Streit Council Board Members Steve H. Hanke and Richard C. Henry Discuss Their Proposal for the Elimination of Times Zones on CNN

In an interview on CNN’s  GPS program with Fareed Zakaria, Steve H. Hanke, Professor of Applied Economics at John Hopkins University, and Richard C. Henry, Professor of Physics and Astronomy at John Hopkins University, argued for the creation of a single time zone spanning the entire planet. They suggested that all clocks be set to Coordinated Universal Time (also known as Greenwich Mean Time).

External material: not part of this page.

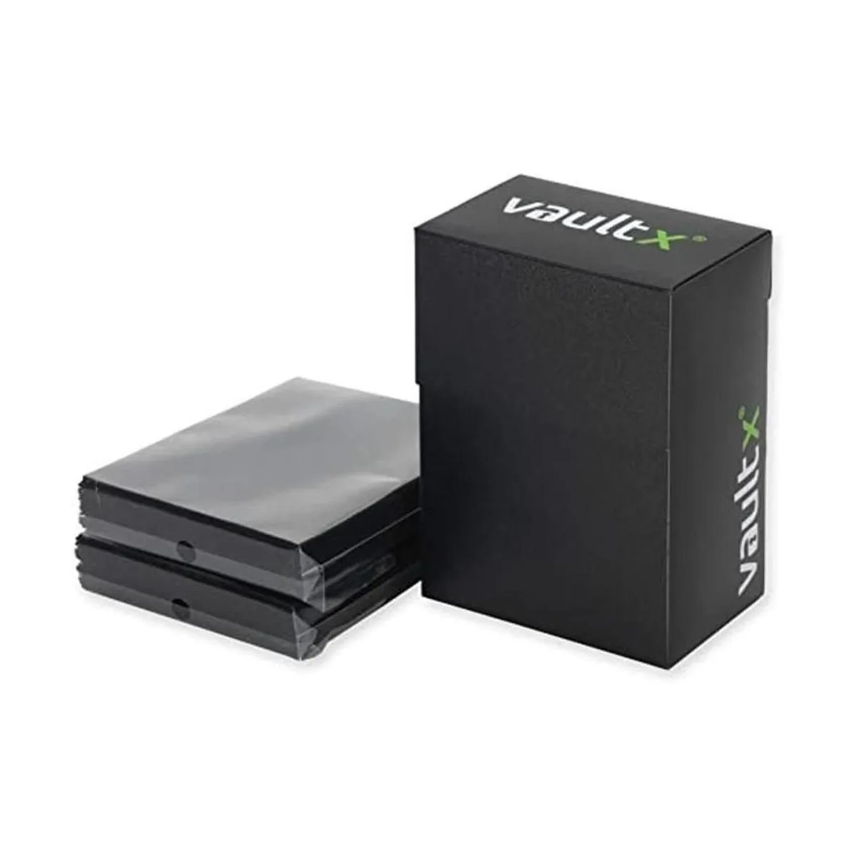 Vault X Caja de cubierta y 100 fundas para tarjetas de tamaño mediano para tarjetas de 70 a 80 fundas de PVC, para TCG mediano 100

Coordinated Universal Time (abbreviated to UTC) is the time set at the Prime Meridian, the line of longitude that runs through the Greenwich Observatory; hence it is also known as Greenwich Mean Time. All other time zones are defined by this latitude – for example, the time in New York is UTC -4, or four hours behind the time set at the Greenwich Observatory. The replacement of this system with a single time zone would mean that the time in New York, and everywhere else on the planet, would be the same as it is at the Greenwich Observatory.

Professors Hanke and Henry argue that the removal of time differences between nations would simplify international trade, communications and travel.

Precedent for such reform is found in the airline industry. Since 1972, all pilots have operated using UTC, regardless of where they are on the planet. This reform was implemented because, as Professors Hanke and Henry argue, crossing multiple time zones was deemed to be confounding and disruptive for pilots and airlines. Furthermore, entire countries including the United States previously changed their time zones, and since 2000 at least three countries have done so based on political or economic convenience, with others planning to do so soon. China operates a single time zone across its entire territory, akin in scale to the U.S. or the entire EU.